I have been reading three very interesting pieces of work. One chapter of one book is about gathering winter wild food in France, by Eliot Coleman. What most people would call weeds, are sought out as prized winter food by old time French men, mostly, who explain that nature has provided these foods in winter as it is then that they are filled with the nutrition we need to help our bodies cope with the cold of winter.
This is something I have often thought was more relevant to healthy eating habits than is given credit. If you eat what is grown there, wherever you are right now, it is the right thing for you.... it has experienced the same weather, air, water etc as you have and if your food is thriving in that situation, then, when you eat it, you thrive too. Its no good shipping tomatoes from a place where it is summer, to where it is winter and expecting it to supply what your winter body needs.
The second is on this fascinating blog, simply called Vaviblog which recounts the travels and recent tracing of the footsteps of the prominent Soviet botanist and geneticist, Vavilov, best known for having identified the centres of origin of cultivated plants. As pointed out and written about so beautifully, from this introduction, through every engrossing page...
Agricultural biodiversity is all that stands between the world and starvation. I hope that by giving a voice to Vavilov this web site will help people to understand why that is so and to take steps to safeguard our past … because it is our future.
Here is an excerpt from the blog, where the author comes upon a market under a tree in Ethiopia...
...At last we saw the shiny black seeds of noog piled high, next to other oilseeds such a peppergrass and sesame. Next to the many colors of ground cumin and chile pepper, there were brilliant golden piles of ginger, as well as masses of intact but sinewy ginger roots. One woman hand-roasted and weighed various grades of Ethiopian wild and domesticated coffees right before your eyes, while another sold various colors and textures of sea salt nested in pale brown paper containers, each looking much like a scoop of vanilla ice cream in a sugar cone. There were countless medicinal herbs as well as the crystallized globules of Ethiopian myrrh and “false” frankincense. Surrounding all the herbalists were huge piles of blue Hubbard squash, papayas, onions, Swiss chard, kale, mustard greens, and pomelos...
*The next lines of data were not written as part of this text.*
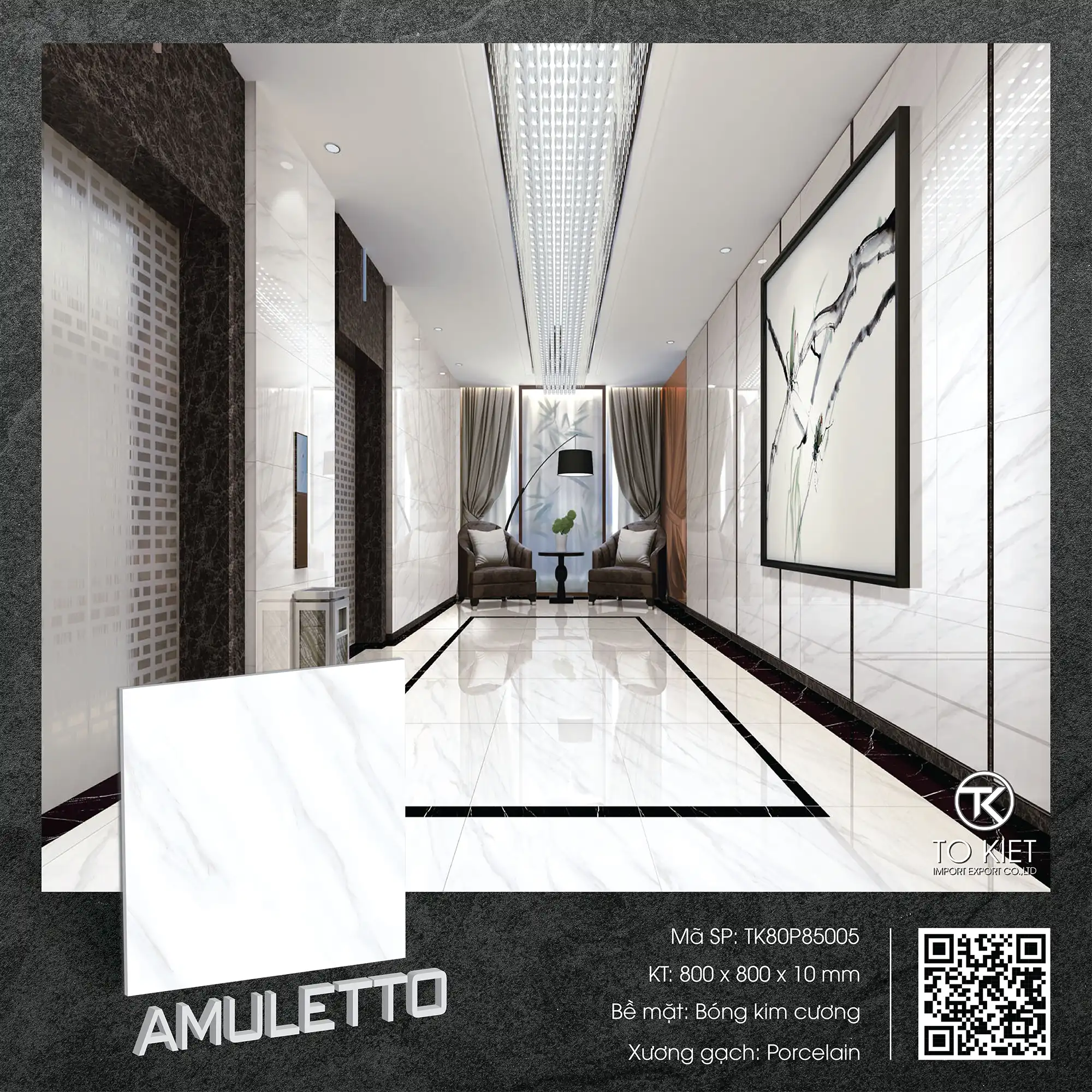 - Sở hữu kích thước ấn tượng ngay từ cái nhìn đầu tiên, dòng gạch 800 x 800 mm - AMULETTO với ưu điểm:
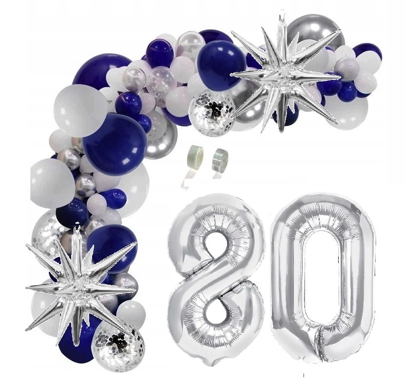 Girlanda balonowa zestaw z taśmą granatowo srebrna na 80 urodziny INSTRUKCJA
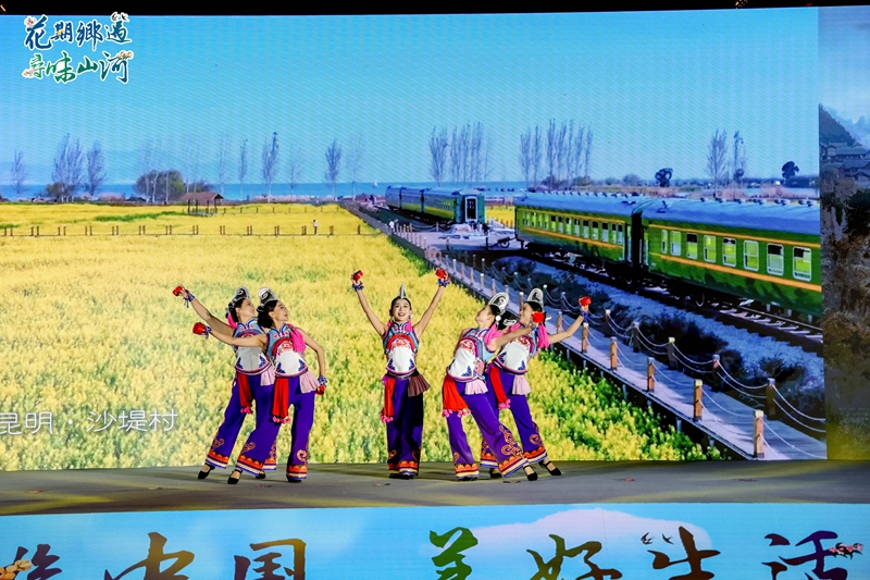 活動(dòng)現(xiàn)場(chǎng),云南省文化和旅游廳以“咖語(yǔ)茶香?煙火鄉(xiāng)村”為主題,通過(guò)《春潤(rùn)云南?詩(shī)意棲居》《霞客歸來(lái)?話說(shuō)滇游》《春語(yǔ)茶香?煙火鄉(xiāng)村》《歌舞為媒?點(diǎn)贊云南》四個(gè)情景內(nèi)容展示,為參與活動(dòng)的嘉賓們及當(dāng)?shù)厥忻瘛⒂慰蜕鷦?dòng)展現(xiàn)了“旅居云南”“始于山水 歸于煙火”的美麗畫(huà)卷。

Elders from Europe, Africa, Asia and indigenous people all over the world know that wild, natural food has all the nutrition they need at the time of picking. It is fact that even something as simple as a cos lettuce has in it vitamins and minerals in different proportions, according to how, where and when it is grown. In winter, for example, it may be bitter and far from this being a disadvantage, we should take that bitterness, as it is a wonderful immunity boost and helps ward off winter ills.
So it is with great joy that I find I am able to gather food at the Cygnet Community Garden, because I garden there.... and yes, I did go on Monday! While my home garden is still very young, I would hate to have to buy vegetables grown away from here. The vitality that local food gives me far outways its identity as a carrot or apple and this is why there is so much more to nutrition than science has yet discovered.
Thirdly is a report from the Settimana della Biodiversità in Rome, organized by Bioversity International, which states that:
Efforts to increase production have so far been based on simplified systems that depend on a few varieties of even fewer crops, which require large amounts of energy-dependent inputs such as fertilizers and pesticides. These simplified systems are both vulnerable to shocks and are unsustainable.
“This leads me to the conclusion that we must change paradigm and invest in intensification without simplification,” said Frison. He called on governments and funding organizations to invest in research and development for agriculture, based on this new paradigm.
Amir Abdullah, Deputy Executive Director and Chief Operating Officer of the World Food Programme (WFP), addressed WFP’s work with chronically hungry people. “One of the causes of malnutrition is the lack of biodiversity. We recognize every day the impact that lack of biodiversity has on the people we work with. For that bottom billion, it’s a matter of life and death.”
These three pieces reflect what surely we already know in our hearts, that human health depends on eating the food that grows naturally where you live and eating as much variety as possible, every day of your life. It is a very cheap, short term aid to send war torn, malnourished nations thousands of kilograms of white rice and other equally processed stomach fillers. It is much harder but more important to see to it that "that bottom billion" has access to land to grow whatever grows naturally in their soils and climates, and with the greatest biodiversity possible, so there will always be food to harvest, no matter what shocks occur.
We all buy spices from far, far away but as a general rule of thumb please, see your soil and your toil as your health insurance. Do whatever you can to reject out of season produce and in-season but grown far away produce. Instead seek out anything that grows wild in your area and in your garden. Plant as wide a diversity of food plants that you can squeeze in, that will grow happily in your conditions.
I don't suppose I will ever stop saying it but that's because simplicity is often the answer that stares us in the face, while we search for complexity.... Saving seeds will sinlgehandedly save the world.